The study groups were comparable. No perioperative mortality occurred in either group, with a single case of late death due to a brain malignancy. In the group without bypass, 71.4% of non-grafted vessels remained patent in the native bed, whereas in the group with bypass grafting, 95.8% of the vessels remained patent distally (considering the native bed/stent and/or graft), with a statistically significant difference of p = .02. Although there was no significant mortality, morbidity was greater in the non-bypassed group, affecting 42.8% of patients compared to 25% of those who received bypass grafting. Morbidity was primarily related to the need for additional revascularization procedures.

Furthermore, differences were found in the analysis of patency between stents and bypass grafts in vessels with patent stents. For stents alone, 71.4% remained patent without grafting compared to 66.7% with bypass grafting.
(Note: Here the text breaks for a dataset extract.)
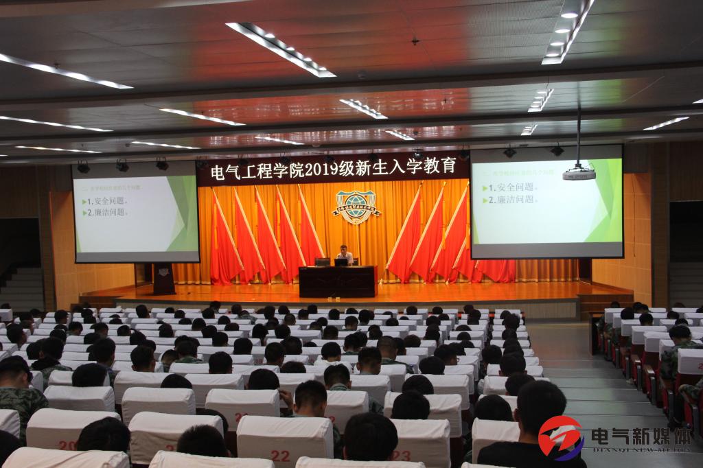 为让新生了解大学学习、生活的特点,感悟大学精神,认识自身成长成才途径,尽快融入到大学校园生活,电气工程学院于9月9日开展了2019级新生入学教育大会。电气工程学院党总支书记刘振波、院长闫纲、团委书记金晶以及2019级全体新生参加了会议,会议由分团委书记金晶主持。

Occlusions primarily occurred in BMS (43.75%), which only occurred in 10% of DES. For bypass grafts, 91.6% remained patent, unaffected by the supposed phenomenon of competitive flow. The interaction between bypass grafts and stents was notable: the occlusion rate for different stent types was significantly influenced by whether they were bypassed or not—75% occlusion for non-bypassed BMS versus 30% for those bypassed; for DES, no occlusions occurred in non-bypassed stents, while 50% of the bypassed stents (2 out of 4) were occluded.
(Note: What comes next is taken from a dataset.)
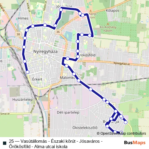 Bus 25 - Vasútállomás - Északi körút - Jósaváros - Örökösföld - Alma utcai iskola: Full Schedule in Nyiregyhaza

Although the study has several limitations that will be addressed later, the authors conclude that in patients with patent stents undergoing surgical revascularization, the strategy of leaving stented vessels ungrafted appears acceptable for DES but may not be safe for BMS.

COMMENTARY:

The analyzed study likely raises more questions than it answers, representing one of those original works that inspire not only further research in the field but also a reflection that might explain its findings. The results obtained seem to contradict the principles of surgical revascularization. However, they may be influenced by different factors that could even be considered biases within the study design.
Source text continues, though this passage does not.